Oil prices fell on Tuesday on expectations of another rise in U.S. stockpiles and as Saudi Arabia keeps output near record highs, but prices remained near a 2015 peak reached last week.
Crude prices have climbed around 16 percent since the start of April due to mounting concern over conflict in Yemen, with the U.S. navy saying on Monday it had sent an aircraft carrier and a guided-missile cruiser into waters near the country.
Prices have also been supported by speculation about falling U.S. output after the domestic oil rig count hit 2010 lows.
Still, U.S. commercial crude oil inventories are forecast to have increased by 2.4 million barrels last week, rising for the 15th consecutive week, a preliminary Reuters survey showed. <EIA/S>
Brent crude for June delivery LCOc1 was down 47 cents at $62.98 a barrel by 0706 GMT, after settling flat on Monday.
U.S. crude for May delivery CLc1, which expires later in the day, was down 54 cents at $55.84 a barrel, after settling 64 cents higher.

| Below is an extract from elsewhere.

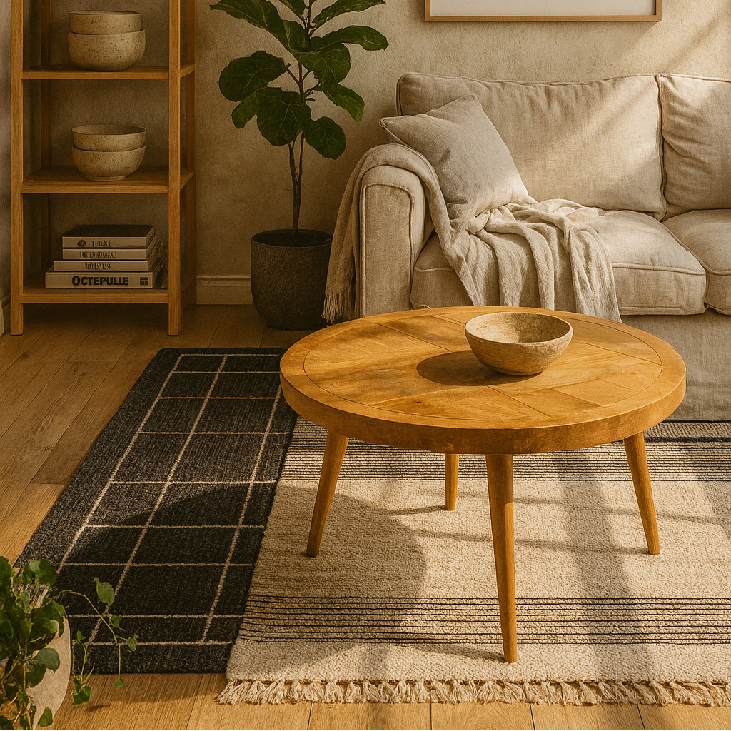 This round coffee table brings a soft contemporary glow to any living room, blending the natural warmth of mango wood with refined metallic detailing. The light natural finish highlights gentle grain patterns, while the gold metal inlays across the tabletop add a subtle touch of elegance. A matching gold metal frame surrounds the edge, giving the piece a polished, sculptural look that feels both modern and timeless.

U.S. Senator Lisa Murkowski said on Monday she would introduce legislation this year to allow U.S. crude exports, saying the Obama administration should not dare lift sanctions on Iran before scrapping the U.S. crude export ban.

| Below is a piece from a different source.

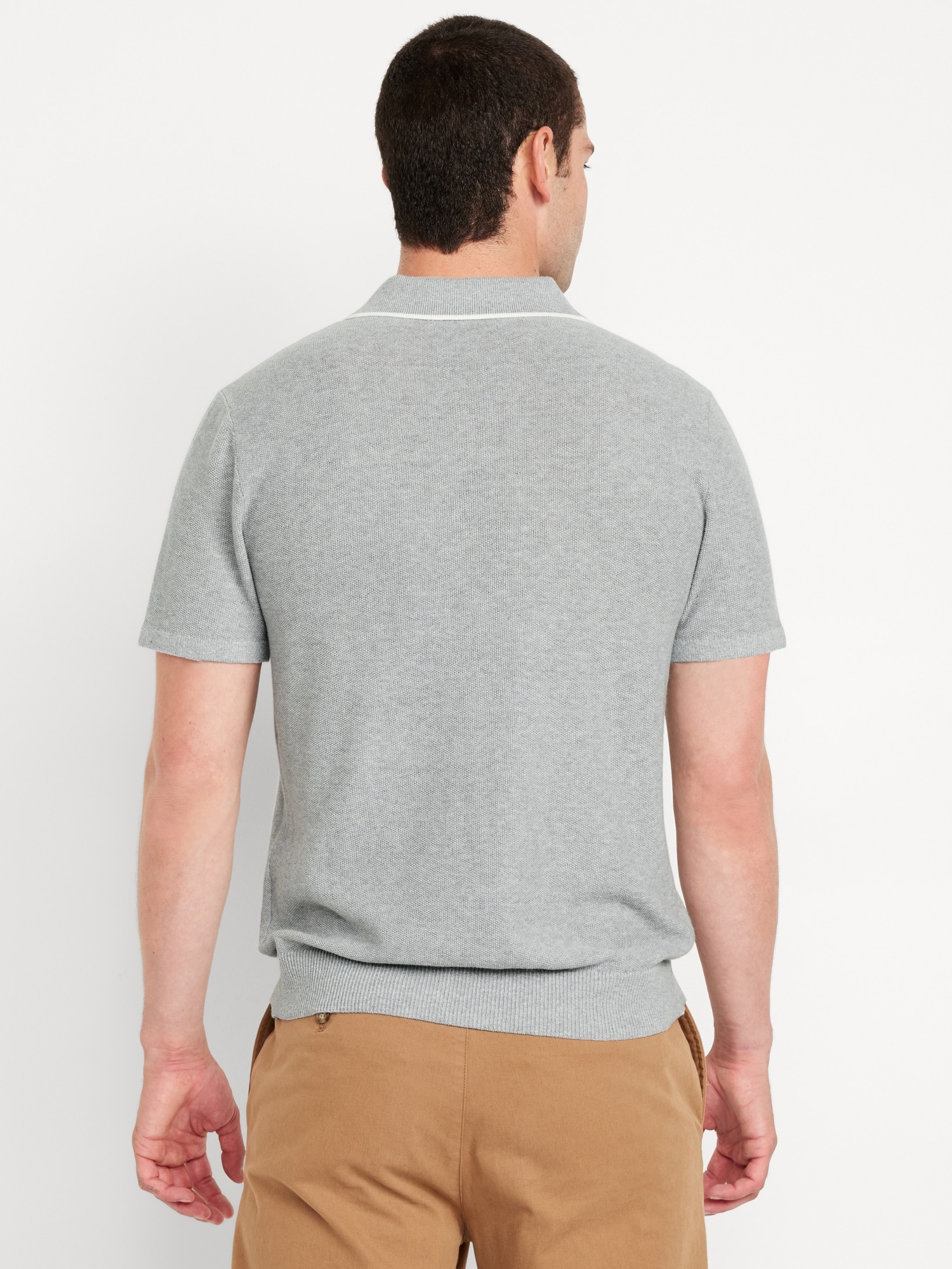 Tipped Collar Polo Sweater: spread collar, short sleeves, buttoned placket, pullover style, #802042

Saudi Oil Minister Ali al-Naimi told Reuters in Seoul that the No. 1 crude exporter expected to produce at near record highs of around 10 million bpd in April.

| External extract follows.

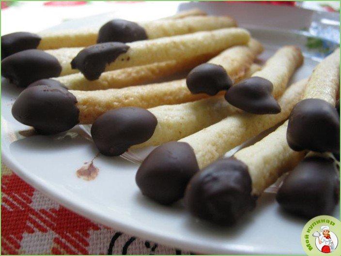 Такое печенье очень нравится детям — интересно и готовить, и кушать. Это классическое песочное печенье с шоколадной глазурью.
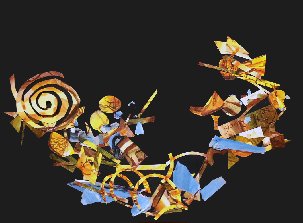 Was ich gestern nicht gesehen habe, habe ich heute erfunden. Dafür brauchte ich sämtliche gold-rot-braunen Teile von Susanne, ein paar blaue gerissene Schnipsel von mir und eine schwarze Pappe im Format 50 x 70 cm als Legegrund. Nun, und ein bisschen Fotoshop habe ich auch eingesetzt. Ihr seht im ersten Bild den Feuerwerker in Aktion, es folgen zwei Bildausschnitte, damit ihr die Leute auf der Brücke, die das Spektakel betrachten, besser erkennen könnt, dann nochmal das ganze Bild, diesmal ohne Fotoshop-Effekte (bitte die Bilder anklicken).

Analysts warn that OPEC’s ability to cope with an unexpected surge in demand is diminishing fast.
“If the demand and non-OPEC supply responses to lower prices are similar to what was experienced in the 1980s, the very low level of spare capacity carries a risk of a price spike in the not too distant future,” said analysts at PIRA Energy.
OPEC’s spare capacity could halve to as low as 1.7 million barrels per day (bpd) this year, far below the level of more than 10 million bpd in the 1980s, when Saudi Arabia last opted for market share over price.